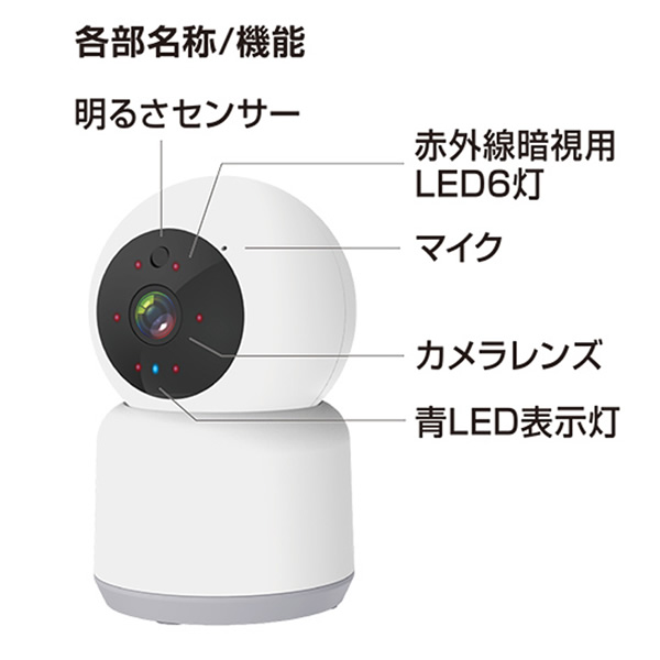 ■無線方式:無線LAN(Wi-Fi) ■準拠規格:IEEE802.11b/g/n 2.4GHz ■通信周波数帯域:2.4GHz ※5GHz非対応 ■セキュリティ: WPA/WPA2-PSK SSL/TLSによる128ビット AES 暗号化 ■動画解像度: 高解像モード(FHD):1920×1080ピクセル 低解像モード(360P):640×360ピクセル ■フレームレート:15fps(通常)、10fps(暗視) ■動画フォーマット:mp4 ■静止画解像度:1920×1080ピクセル ■静止画フォーマット:png / jpg ■イメージセンサー:1/2.9型 CMOS 200万画素 ■レンズ:F/NO:2.4; Focal Length:3.6mm ■赤外線暗視:850 nm IR LED up to 30ft ■記録媒体: スマートフォン microSD(1〜128GB)SDHCまたはSDXC ■アプリ:スマートライフ+ ■対応システム: iOS13以上のiPhone Android8以上のスマートフォン ■入力:5V 1A ■電源:5V1A以上のUSB-Aポート ■動作環境温度:0〜40℃(結露しないこと) ■付属品:USBケーブル/取付用アダプター/取付用ネジ2本/アンカー部品2本/リセット用ピン ■本体サイズ/重量:71W×112H×71Dmm / 190g ※記載は商品仕様の一部です。仕様説明不足等の理由での返品はできません。特に適合等は必ずご確認ください。
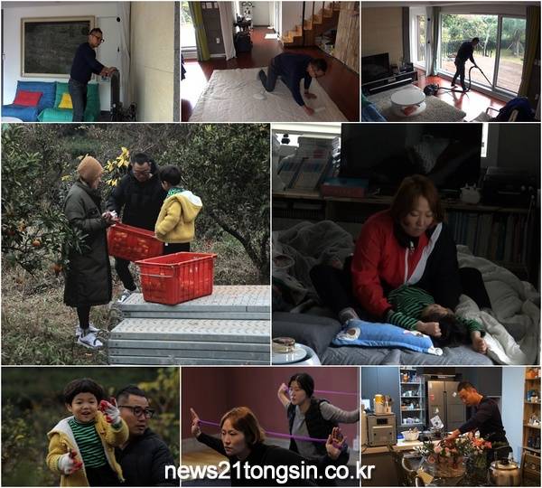 반면 ‘남편 윤종’이라 쓰고 ‘집안일 전담 안 사람’이라고 읽는 윤종은 김현숙과 180도 다른 일상으로 눈길을 사로잡았다. 바닥과 물아일체 된 삶을 실천하는 김현숙과는 달리 눈 뜸과 동시에 제주하우스 관리자 모드를 작동하며 살림, 육아의 달인 자태를 아낌없이 대방출하는 터. 설거지를 시작으로 이불 털기에 이은 마당 쓸기까지 오직 김현숙을 위한 ‘츤데레 로맨티스트’ 면모를 발산, 보는 이들의 부러움을 자아낸다.
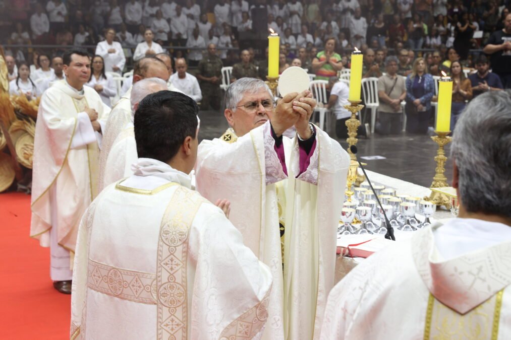 O ginásio Sabiazinho recebeu na quinta-feira, 8 de junho, a solenidade de Corpus Christi, diante de um público de mais de 8 mil pessoas. Promovido pela Diocese de Uberlândia, com apoio Futel, o evento foi presidido pelo Bispo Diocesano Dom Paulo Francisco Machado (foto), com auxilio de diversos padres e diáconos, e contou com a presença da primeira dama do Município e deputada federal Ana Paula Junqueira, representando o prefeito Odelmo Leão, o deputado estadual Leonídio Bouças e outras autoridades. Esta foi a primeira grande concentração de fiéis na celebração do ‘Corpo de Cristo’, depois da pandemia da Covid-19.
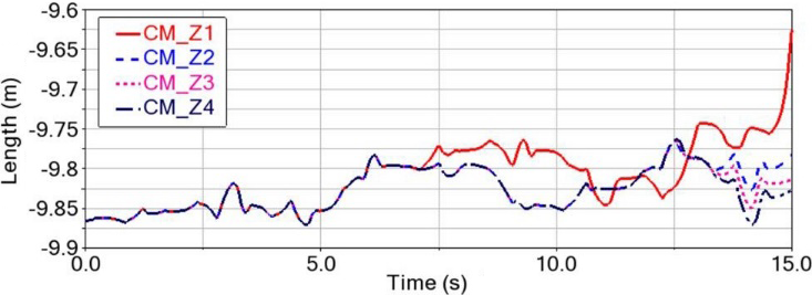 Figure 17 presents the post-processed simulation results for z-axis displacement. From the Z1 curve, it is observed that, during the first 2.5 s of motion, no significant displacement along the z axis occurs. Between 2.5 and 5 s, a self-correctable drift takes place, and, by 5 s, the trajectory closely aligns with the desired path. However, from 5 to 7.5 s, the z-axis displacement increases rapidly and continues to grow until 10 s. Although the trajectory partially self-corrects from 2.5 to 12.5 s, the robot is no longer able to maintain stable straight-line motion thereafter, and a sharp increase in z-axis drift is observed at 15 s.
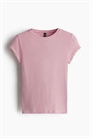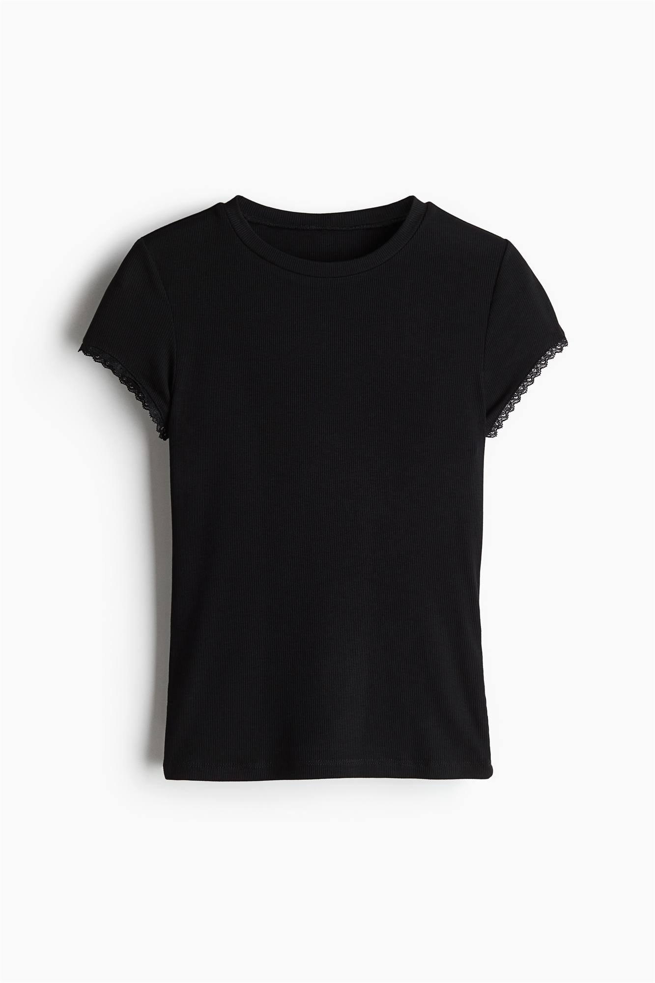 Короткая приталенная футболка из узкого ребристого вискозного джерси с узкой окантовкой по вырезу горловины и нежной кружевной отделкой на манжетах.
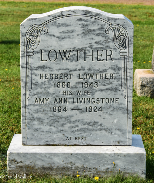 Inscription: LOWTHER / Herbert Lowther / 1860 - 1943 / His Wife / Amy Ann Livingstone / 1864 - 1924 / At Rest.1  Tombstone, Herbert Lowther (1860-1943), his wife Amy Ann Livingstone (1864-1924). Peoples Cemetery, Crapaud, Queens County, Prince Edward Island, Canada.
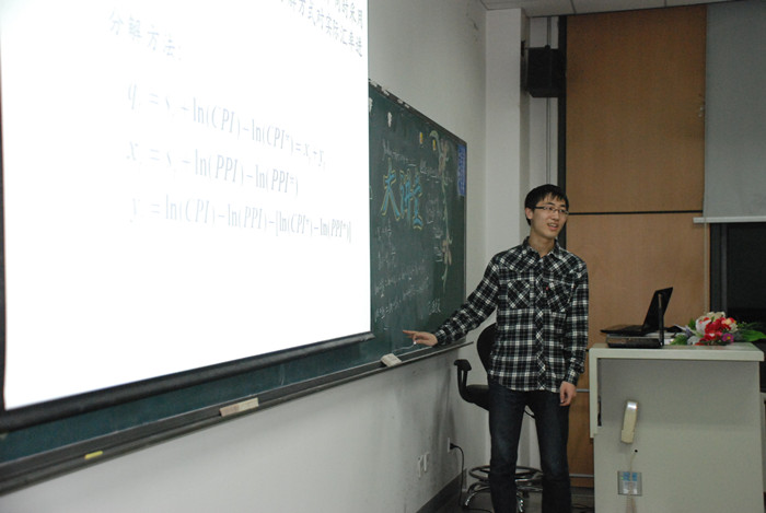 首先开讲的是龚力丹同学。龚力丹首先对文献综述的内容及方法进行了介绍,其次她对模型的构建,基本分解式进行了讲解。随后进行了实证结果的分析。在主讲的最后龚力丹列出了影响B-S效应的其他因数,得出了非贸易品的价格对中国实际汇率的影响程度较小的结论。
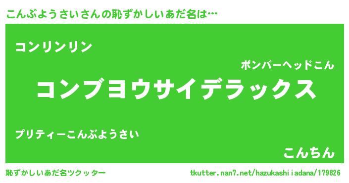 | 料理風あだ名 | 『こんぶようさいごはん』 |
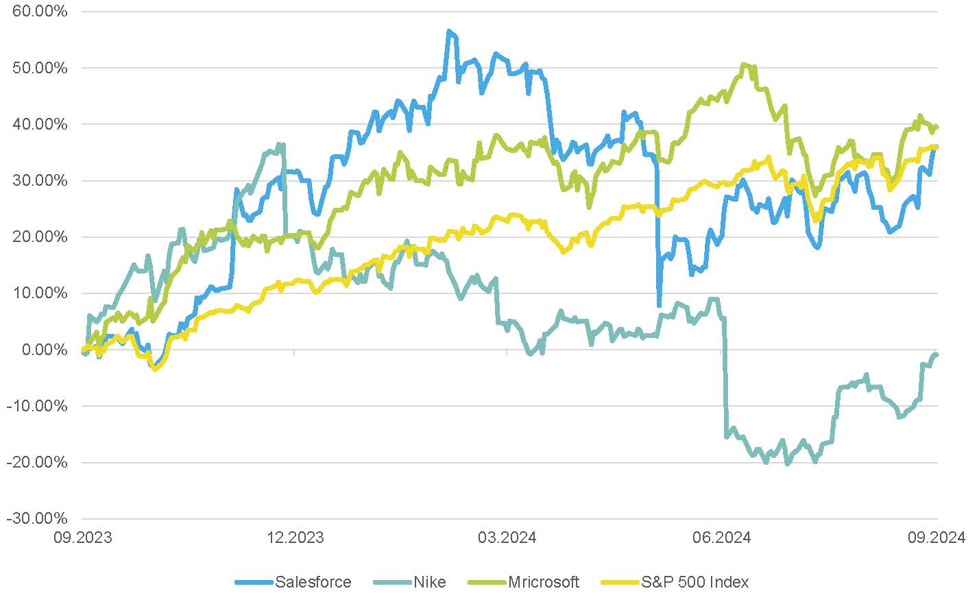 Der US-Aktienmarkt wird von der Leitzinssenkung der FED zu neuen Höchstkursen getrieben. Auch für die nächsten Monate wird dies ein Treiber der Märkte bleiben. Die Mitglieder des Offenmarktausschusses, welche über die Zinspolitik entscheiden, rechnen bis Ende 2025 mit einem Zinssatz von 3,4%, was weitere 5–6 Zinssenkungen impliziert. Dazu kommt noch der Wahlkampf in den USA, welcher historisch die Märkte positiv unterstützt hat. Wir rechnen mit steigenden Märkten und empfehlen die Titel Salesforce, Nike und Microsoft. (amm)
————————
● **TASK INSTRUCTIONS**: From the listing above, repeat only the lines between the line containing "O ginásio Sabiazinho" and the line containing "料理風あだ名 | 『こんぶようさいごはん』 |", those two included. Pictures are not part of the copy.

● **RESPONSE AREA**:
 O ginásio Sabiazinho recebeu na quinta-feira, 8 de junho, a solenidade de Corpus Christi, diante de um público de mais de 8 mil pessoas. Promovido pela Diocese de Uberlândia, com apoio Futel, o evento foi presidido pelo Bispo Diocesano Dom Paulo Francisco Machado (foto), com auxilio de diversos padres e diáconos, e contou com a presença da primeira dama do Município e deputada federal Ana Paula Junqueira, representando o prefeito Odelmo Leão, o deputado estadual Leonídio Bouças e outras autoridades. Esta foi a primeira grande concentração de fiéis na celebração do ‘Corpo de Cristo’, depois da pandemia da Covid-19.
 Figure 17 presents the post-processed simulation results for z-axis displacement. From the Z1 curve, it is observed that, during the first 2.5 s of motion, no significant displacement along the z axis occurs. Between 2.5 and 5 s, a self-correctable drift takes place, and, by 5 s, the trajectory closely aligns with the desired path. However, from 5 to 7.5 s, the z-axis displacement increases rapidly and continues to grow until 10 s. Although the trajectory partially self-corrects from 2.5 to 12.5 s, the robot is no longer able to maintain stable straight-line motion thereafter, and a sharp increase in z-axis drift is observed at 15 s.
 Короткая приталенная футболка из узкого ребристого вискозного джерси с узкой окантовкой по вырезу горловины и нежной кружевной отделкой на манжетах.
 Inscription: LOWTHER / Herbert Lowther / 1860 - 1943 / His Wife / Amy Ann Livingstone / 1864 - 1924 / At Rest.1  Tombstone, Herbert Lowther (1860-1943), his wife Amy Ann Livingstone (1864-1924). Peoples Cemetery, Crapaud, Queens County, Prince Edward Island, Canada.
 首先开讲的是龚力丹同学。龚力丹首先对文献综述的内容及方法进行了介绍,其次她对模型的构建,基本分解式进行了讲解。随后进行了实证结果的分析。在主讲的最后龚力丹列出了影响B-S效应的其他因数,得出了非贸易品的价格对中国实际汇率的影响程度较小的结论。
 | 料理風あだ名 | 『こんぶようさいごはん』 |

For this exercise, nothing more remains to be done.